Introduction
I am considering to use a convolutional neural network in implementing Monte Carlo control with function approximation. I am using a Monte Carlo estimate as it is unbiased and has nice convergence properties. Of course, it has high variance and slower convergence.
The goal is to control a game such that episodic reinforcement learning is used. In fact, the game is Mckinsey Plant-defense game. Below is an image of the game:
Problem specification
I have written a rough simulator of the game and then written a function that splits the board into various 14 x 14 layers. More specifically, the layers contain the following:
- Layer 1 is a
(14,14)
array of zeros with a 1 at the location of the plant. - Layers 2-4 are
(14,14)
arrays of zeros with ones placed at coordinates containing terrain. For example, layer 2 contains only the location of cliffs. - Layers 5-7 are like layers 2-4 but contain locations of defenders, i.e., snake.
- Layers 8 and 9 are also
(14,14)
arrays of zeros. However, if an attacker is present at $(i,j)$ in the grid, a value between zero and 1 is placed there. A such, both the remaining health and location are presented in a layer. Layer 8is for the foxes and layer 9 is for the groundhogs. - The grid of the actual game varies. Sometimes it's a
(10,10)
grid,(14,10)
,(12,12)
, etc. As such, I cast these grids onto a(14,14)

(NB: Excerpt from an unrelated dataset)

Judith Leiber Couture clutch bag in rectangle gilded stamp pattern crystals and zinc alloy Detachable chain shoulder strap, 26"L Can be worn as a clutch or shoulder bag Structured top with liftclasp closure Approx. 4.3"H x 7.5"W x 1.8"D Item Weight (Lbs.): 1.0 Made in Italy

grid. The last layer is thus a(14,14)
array of zeros with ones placed in locations that do not exist. In other words, the ones indicate where I have padded the original grid. For example, a(12,12)

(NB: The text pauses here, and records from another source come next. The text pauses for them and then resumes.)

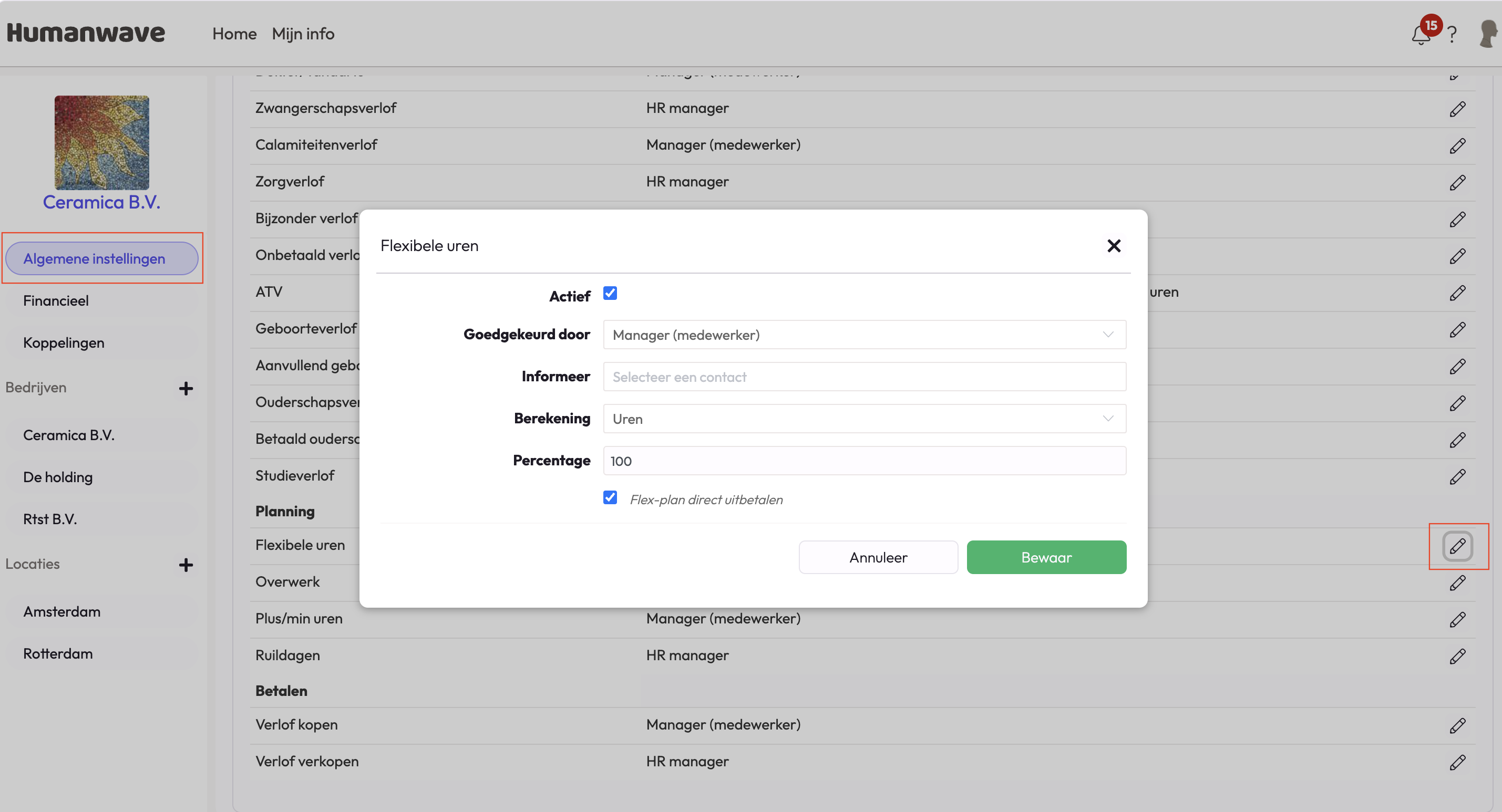 Verlofaanvragen goed- en afkeuren In Humanwave kun je zelf bepalen wie verlofaanvragen mag goedkeuren. Dit zorgt voor flexibiliteit per organisatie en voorkomt onnodige vertraging bij verlofverzoeken. Je stelt dit in via: Organisatie → Algemene ...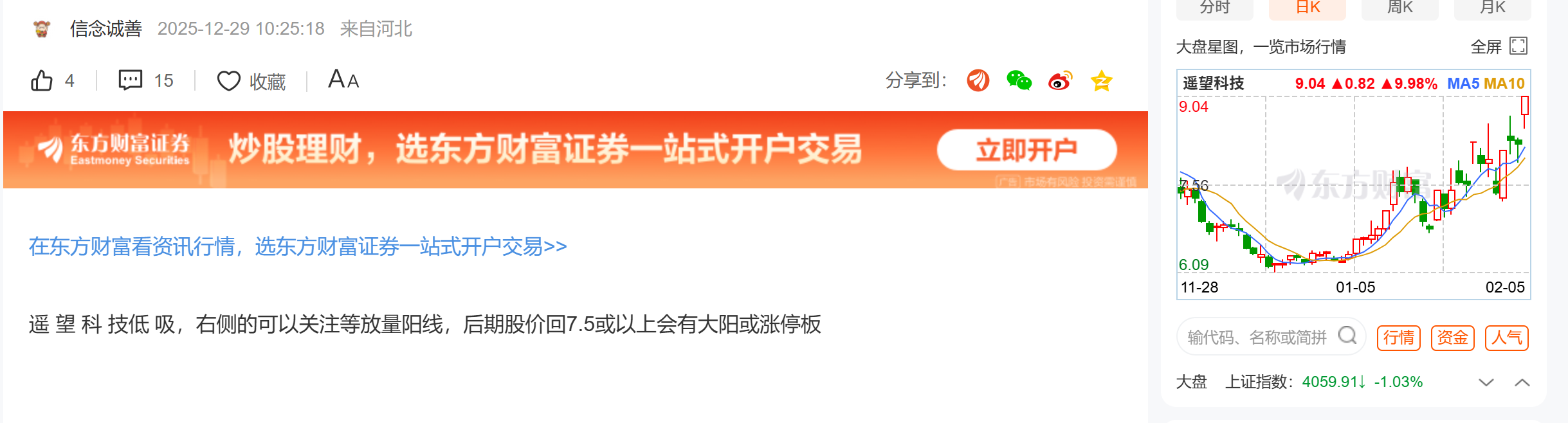 温馨提示: 1.根据《证券法》规定,禁止编造、传播虚假信息或者误导性信息,扰乱证券市场;2.用户在本社区发表的所有资料、言论等仅代表个人观点,与本网站立场无关,不对您构成任何投资建议。用户应基于自己的独立判断,自行决定证券投资并承担相应风险。《东方财富社区管理规定》
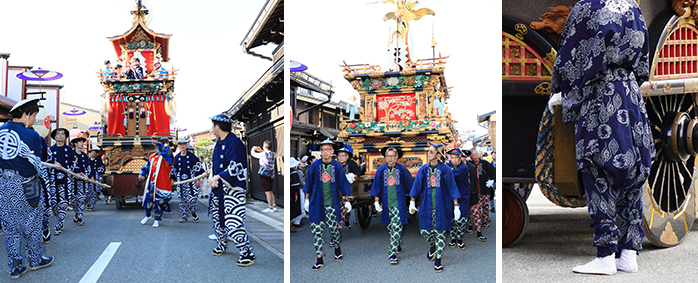 高山春季和秋季的祭典使飞驒高山市闻名遐迩。这个著名的节日已被列入重要非物质民间文化遗产名录和联合国教科文组织世界遗产名录。节日的一大亮点是被称为“屋台”的大型花车,据说这种花车起源于1718年左右。春季的山王祭上会有 12 辆花车聚集在一起,秋季的八幡祭上会有 11 辆花车聚集在一起,形成壮观的景象,令所有看到它的人都叹为观止。23辆花车各具特色,拉车人的服装也因花车组而异,延续了自古以来传承下来的设计。

grid would have a border of ones.
Naturally, there is spatial interaction in each layer but also interaction between layers. I am considering two approaches to a convolution architecture. Note, I am using PyTorch, so I apologise if I am using PyTorch-specific terminology.
Approaches: 2D (with channels) vs 3D (no channels) convolution
Approach 1
Approach 1 uses 2D convolution with channels.
$$
y_{h,i,j} = \sum_{k=1}^{C_{in}}\sum_{l=1}^{H_k}\sum_{m=1}^{W_k}w_{h,k,l,m}x_{k,i+l-1,j+m-1}
$$
Where $h=1,2,\dots,C_{out}$ are output channels, $k=1,2,\dots,C_{in}$ is the input channels, $l=1,2,\dots,K_H$ is the height of the kernel, $m=1,2,\dots,K_W$ is the width of the kernel, $x$ is the layers of the map and $y$ is the output of the convolution. In PyTorch's Conv2d
function, if I set groups=1
then all input channels are convolved with all output channels as in the formula. Does this capture interaction between channels?
Approach 2
The second approach would instead treat the 10 stacked layers as a 3D image of shape (10,14,14)
with one channel. The formula for this would read as below:
$$ y_{i,j,k} = \sum_{m=1}^{D_k}\sum_{n=1}^{H_k}\sum_{o=1}^{W_k}w_{m,n,o}x_{i+m-1,j+n-1,k+o-1} $$ It would seem that this would capture more of the dependencies between layers? I would imagine that this is the approach they would use in medical imaging where the image has layers that strongly interact.
Question
Which approach is most suitable for modelling dependencies within layers and between layers? Can you please provide me with some intuition on why? I would also not mind reading recommended literature. Thank you for your time.